Tuesday, June 18, 2013

Los Dioses Rotos (Fallen Gods)
















Film Data:

Los Dioses Rotos (Fallen Gods) is a foreign drama from Cuba by ICAIC Studios. It was written and directed by Ernesto Daranas. This is Daranas' first film as a director. The film was produced in 2008 by Altavista. It was produced with an estimated budget of only $250,000 and it was entirely shot in Havana City. It features Cuban actors and actresses: Carlos Ever Fonseca, Annia Bu Maure, and Silvia Águila on the protagonist roles, and Héctor Noas as the antagonist.

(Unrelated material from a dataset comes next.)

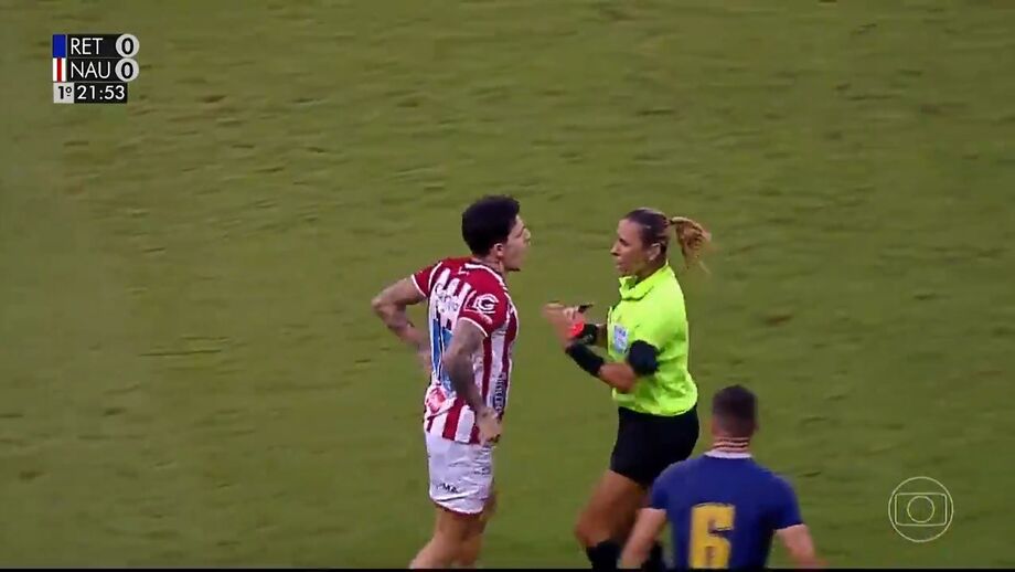 Jogador do Náutico vê cartão vermelho e tenta agredir árbitra
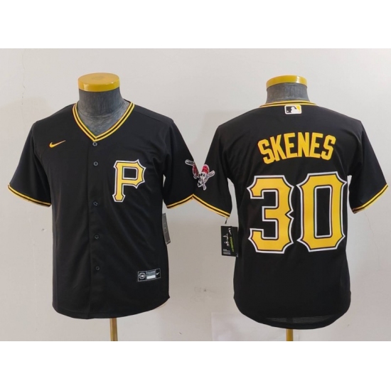 >Youth Pittsburgh Pirates #30 Paul Skenes Black Stitched Cool Base Nike Jersey

Los Dioses Rotos was selected by Cuba as candidate for nomination to the 82nd Academy Awards. It received the Audience Award at the Festival of New Latin American Cinema of Havana.


 Synopsis:

     Laura (Silvia Águila) is a professor of Anthropology at University of Havana that is researching about the famous Cuban pimp Alberto Yarini Ponce de León, who was murdered by his French rivals who controlled the business of prostitution in Havana at the beginnings of the 20th Century. Extremely interested in demonstrating the validity of such individual she steps into the complex reality of contemporary Havana. 
     Laura meets Rosendo (Hector Noas), who has a handkerchief which originally belonged to Yarini and with which a prostitute covered the wound in his chest after he was shot in the neighborhood of San Isidro in Old Havana in 1910. This handkerchief would be considered the sacred object of the cult of the pimp thereafter.
  Laura's obsession for proving the originality of this handkerchief becomes the center of her research for her Master's Degree Thesis. Such obsession leads her to penetrate the obscure reality of Old Havana neighborhoods in the 21st Century, amidst the burgeoning prostitution.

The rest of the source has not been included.